Latest research news

February 22, 2006

Species-crossing diseases on rise
Avian flu has highlighted the growing threat from diseases that move from animals to people. A new study shows that 38 pathogens have made the jump over the past 25 years - a much higher rate than in the past. Mark Woolhouse, professor of infectious disease epidemiology at Edinburgh University, told the American Association for the Advancement of Science in St Louis yesterday there were about 1,400 species of pathogen - viruses, bacteria, fungi and parasites - known to cause human disease.
The Financial Times, The Daily Telegraph, The Times

Warming threat to 'lost world' in New Guinea
A "lost world" of unknown and rare species unafraid of humans that was discovered high in the misty jungles of western New Guinea is under threat from climate change, according to a new study. A recent expedition to the Foja mountains of Indonesia's Irian Jaya province found dozens of new species, including frogs, butterflies, plants, and an orange-faced honey-eater, the first new bird recorded in New Guinea for more than 60 years. The incredible biodiversity of the area "has likely arisen in significant part due to the climatic stability of the highlands", said Dr Michael Prentice, of Plymouth State University, New Hampshire.

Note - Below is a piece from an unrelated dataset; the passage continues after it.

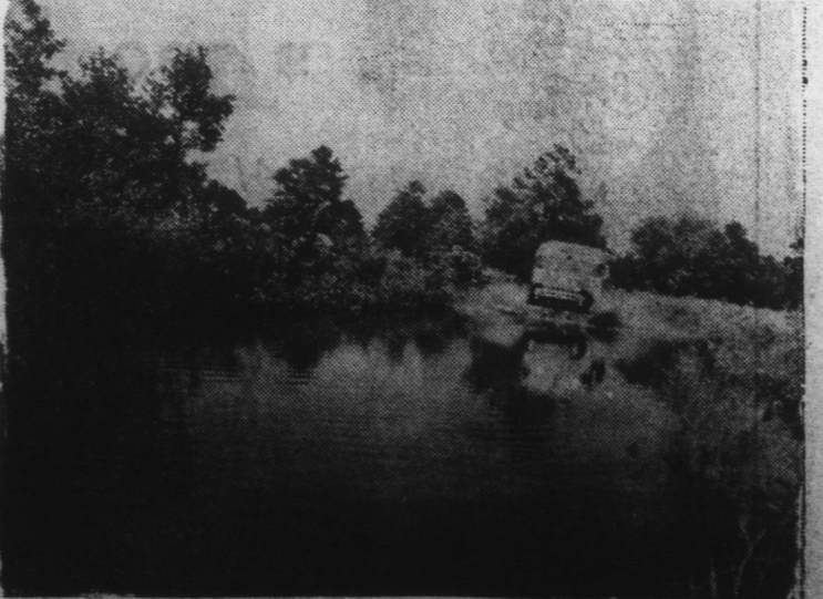
School bus traveling flooded road in the Green Hall section in the Pollock Swamp Watershed. (Other Pictures on Page Three, Section One)
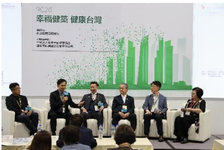
Healthy Building Forum

He has found evidence that this stability is under threat.
The Daily Telegraph

Mass sequencing effort tackles termite guts
A facility built to do some of the heavy-duty processing for the human genome initiative is now cracking into the genomes of microorganisms; not as individuals, but en masse. Researchers hope that the work will uncover useful enzymes from bacteria that could be put to work in environmentally friendly applications. The bugs that help termites to digest wood, for example, could hopefully yield a formula for turning waste plants into green ethanol fuels for cars.
Nature

Great apes found to be rich in culture
The evidence is mounting that great apes are a cultured lot, researchers heard at the annual meeting of the American Association for the Advancement of Science in St. Louis this week. It is well established that apes are clever: gorillas lift electric wires with sticks to slip underneath; orang-utans can crack nuts open with rocks; and chimpanzees have been spotted elegantly sipping water from a sponge of crumpled leaves. But these tool-using apes also show signs of cultural traditions that vary from group to group, just as some customs are passed down from one generation to another in human societies.
Nature, The Daily Telegraph, The Independent

Why men are still frisky after 50
Men in their 50s are more satisfied with their love lives than those who are one or two decades younger, despite their decline in sexual performance, a medical study has found. According to research by experts at the University of Oslo, the University of Bergen and Harvard Medical School, the middle-aged man showed similar levels of contentment to those who were physiologically in their sexual prime, aged between 20 and 29. Sexual contentment hits the average 50-year-old in spite of increased problems with sexual functions such as attaining, and sustaining, an erection, the study said.